Your assignment.
Only the lines below starting at the one containing "Moda düz renk uzun kollu gömlek tulum" and ending at the one containing "1pc Unisex Metallic" belong in the answer, each copied exactly.

Data records.
%%

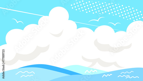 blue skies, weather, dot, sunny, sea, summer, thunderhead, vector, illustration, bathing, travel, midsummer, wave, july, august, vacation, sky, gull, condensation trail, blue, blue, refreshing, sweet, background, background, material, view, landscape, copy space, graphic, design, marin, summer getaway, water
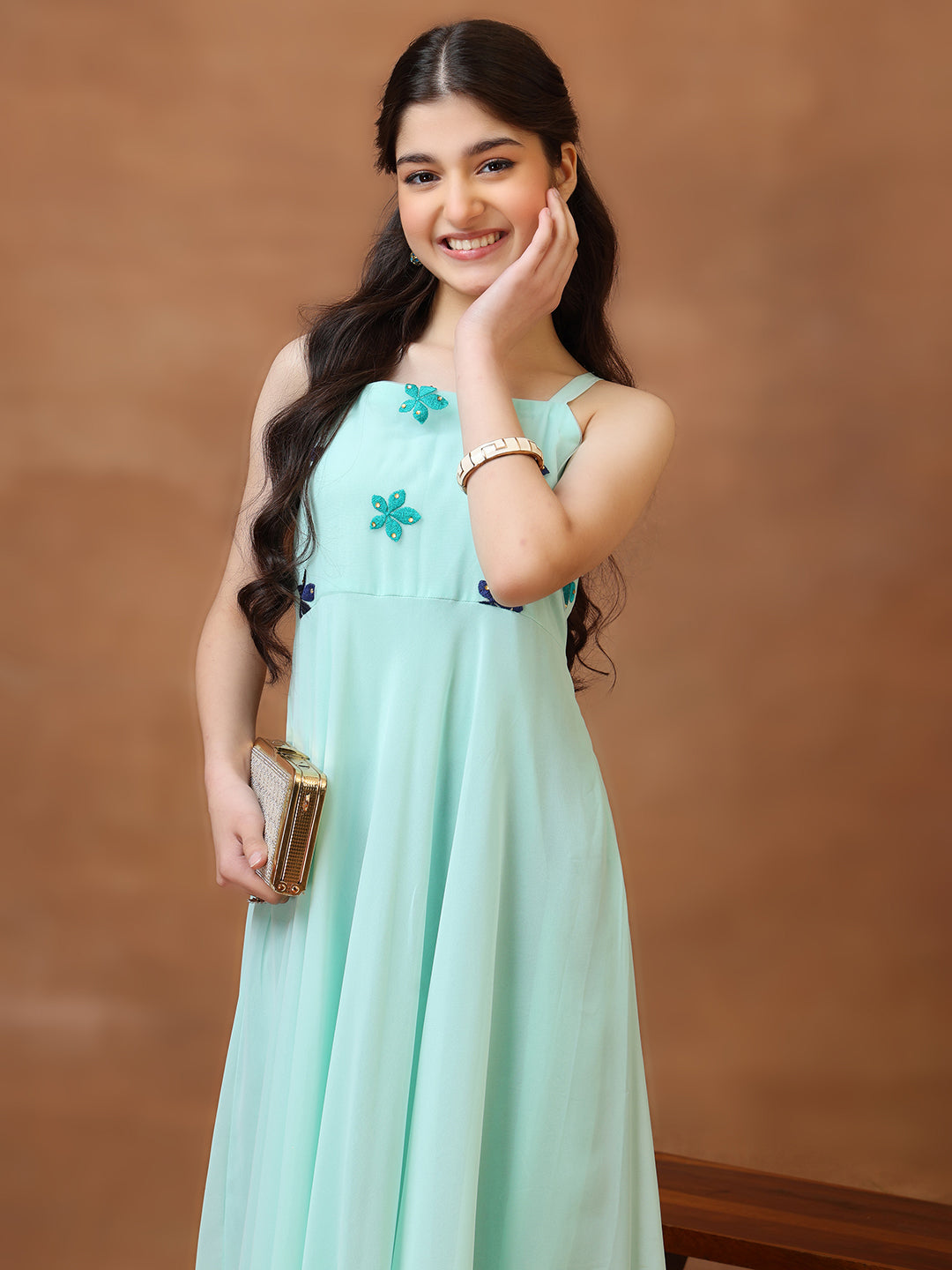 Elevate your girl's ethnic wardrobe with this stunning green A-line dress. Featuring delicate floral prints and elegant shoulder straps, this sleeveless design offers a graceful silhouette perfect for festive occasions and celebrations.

%%
%%

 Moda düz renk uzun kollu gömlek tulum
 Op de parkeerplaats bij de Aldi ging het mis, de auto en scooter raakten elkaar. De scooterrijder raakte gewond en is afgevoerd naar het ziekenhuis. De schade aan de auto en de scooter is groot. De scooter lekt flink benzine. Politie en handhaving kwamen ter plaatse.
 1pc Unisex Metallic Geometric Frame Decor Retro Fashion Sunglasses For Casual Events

%%
%%

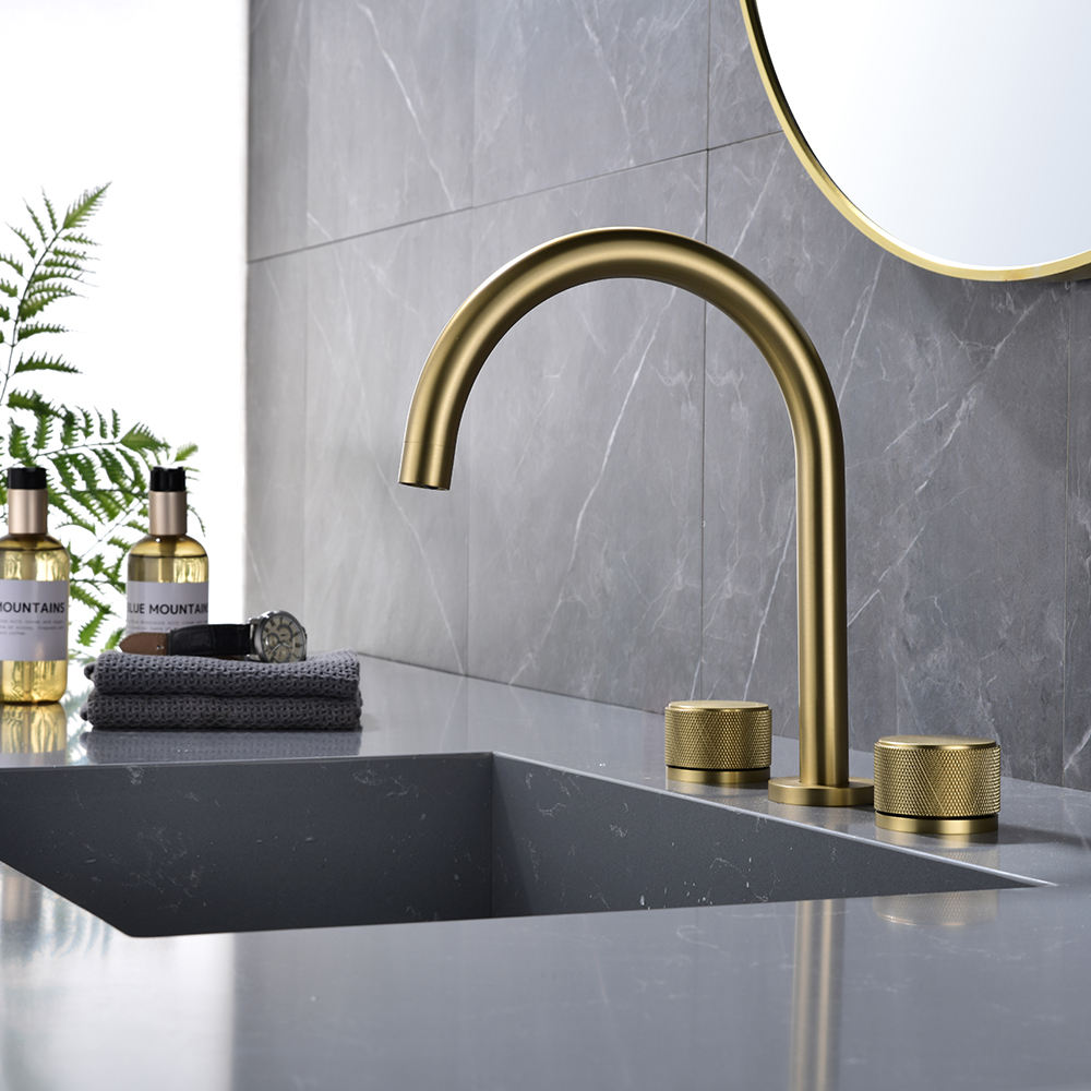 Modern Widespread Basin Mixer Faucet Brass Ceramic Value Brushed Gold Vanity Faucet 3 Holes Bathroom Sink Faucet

%%

Your solution.
 Moda düz renk uzun kollu gömlek tulum
 Op de parkeerplaats bij de Aldi ging het mis, de auto en scooter raakten elkaar. De scooterrijder raakte gewond en is afgevoerd naar het ziekenhuis. De schade aan de auto en de scooter is groot. De scooter lekt flink benzine. Politie en handhaving kwamen ter plaatse.
 1pc Unisex Metallic Geometric Frame Decor Retro Fashion Sunglasses For Casual Events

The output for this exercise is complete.